Buy a Real Tree For a Green Christmas - Discovery News

Real trees are the Earth and economy-friendly buy, compared to re-used artificials, say forestry officials. The benefits start on the farm.

"First of all, any conifer makes great cover in the winter, which is what ground birds like quail are looking for," Jill Sidebottom, Forestry Specialist at North Carolina State University, told Discovery News.

"Secondly, it's the ground covers that provide the seed, flowers, and habitat for insects that bring in the wildlife."

"The young trees are great because it provides an early successional forest -- habitat along the edges of woods. Talk to any wildlife person and they will tell you that this is what they try to maintain for wildlife, and that's exactly what a Christmas tree farm is," said Sidebottom.

Tree farms use relatively small amounts of agricultural chemicals compared to other crops. Many farmers use herbicides at low concentrations to suppress grass, but allow cover-crops like nitrogen-fixing clover to survive. One study Sidebottom performed found that stream quality near Christmas tree farms was largely unaffected.

Even Christmas tree stumps continue to be giving trees.



"I've seen many flickers and woodpeckers feeding on insects in old decaying cut stumps," said Sidebottom.

The roots left in the ground lock away carbon the tree inhaled and used to build its tissues. The carbon sequestered by the roots helps to ease the carbon footprint of transporting trees.

Sidebottom recommends against buying live trees to subsequently plant.

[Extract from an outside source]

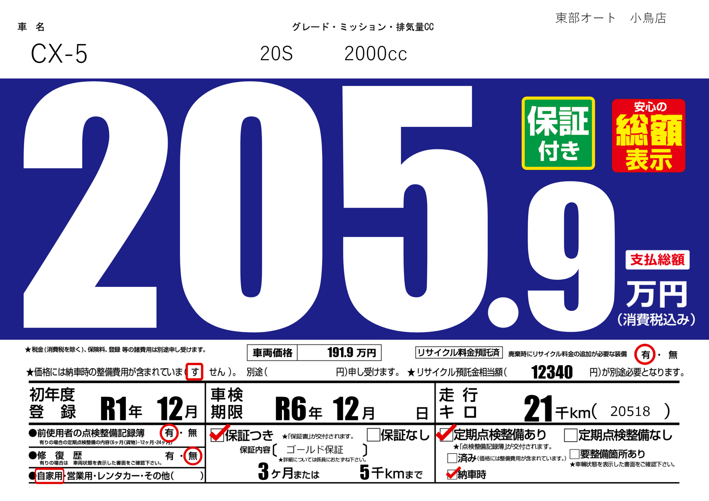 保証付き 保証内容( ゴールド保証) 3ヶ月または(5)千kmまで |

"I don't like live trees because you are digging up dirt and carting it around. Talk about fossil fuel use! You are carting away the soil from the field. And so few of these trees actually live," she said.

Cut trees can be used after drying out. The needles make for mulch. A tree sunk in a pond creates fish habitat. The non-profit Earth911 can help you find a tree recycler.

Fake trees are usually made out of PVC, other plastics and metals. Those materials don't break down readily in a landfill, and release harmful chemicals during manufacture, Rick Dungey, public relations manager for the National Christmas Tree Association (NCTA), told Discovery News.

Fake trees have a larger lifetime carbon footprint.

"You'd have to look at energy used by the factory and the carbon released in extraction of oil. The metal in the branches also has to be processed. Then they are shipped across the Pacific and used for a short period of time compared to Earth years," said Dungey.

Dungey acknowledges fake trees can be used for years, but notes that eventually every tree ends up in a dump.

"The Earth's gonna be here a lot longer than the 20 years you have that tree," he said.

Christmas trees also pump green into the American farm economy.

"A real tree is grown by an American farm family," said Dungey.

Eighty percent of fake trees are produced in China, according to the NCTA.

"You can have a beautiful fully biodegradable plant grown on a farm versus one produced in a factory overseas," said Dungey.

America's nearly 15,000 Christmas tree farms employ over 100,000 workers, according to the NCTA.